* DATA SECTION *

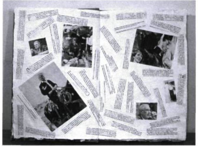
Fred McSherry, The Virtual Library, President Reagan & The Evil Empire , 1995. 22 pages, papier fait à la main, couverture de toile et cuir, titre à la feuille d'or; 46, 2 x 31 x 3 cm. (Détail).
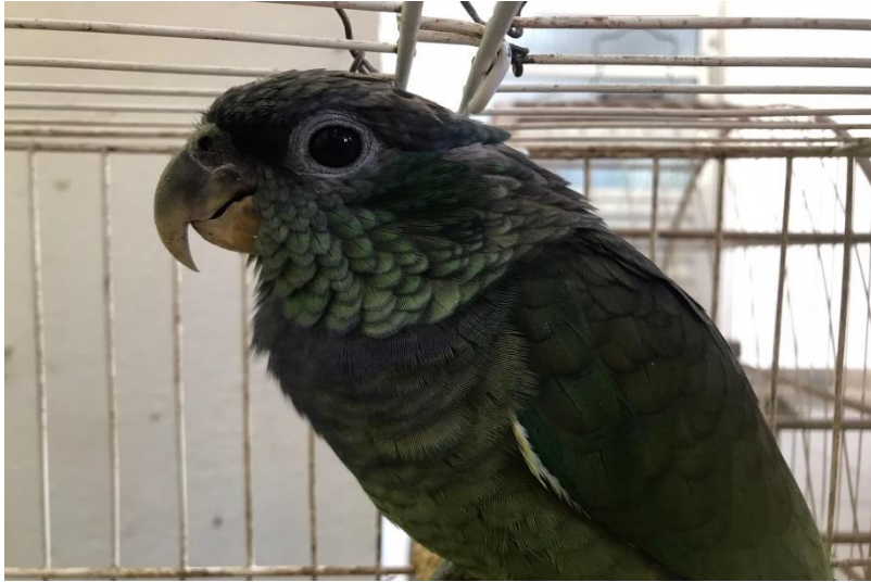
(43921) - Maitaca-verde.
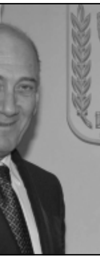
اولرت متقاتل بمصريه ومتشائم من مصير الدولة

5- مثل هذا الأمر لم يحدث في اسرائيل من قبل.

* INSTRUCTIONS TO FOLLOW *
Only text belongs in the copy: repeat each line of the data exactly and leave out the pictures.

* RESPONSE BELOW *
Fred McSherry, The Virtual Library, President Reagan & The Evil Empire , 1995. 22 pages, papier fait à la main, couverture de toile et cuir, titre à la feuille d'or; 46, 2 x 31 x 3 cm. (Détail).
(43921) - Maitaca-verde.
اولرت متقاتل بمصريه ومتشائم من مصير الدولة

5- مثل هذا الأمر لم يحدث في اسرائيل من قبل.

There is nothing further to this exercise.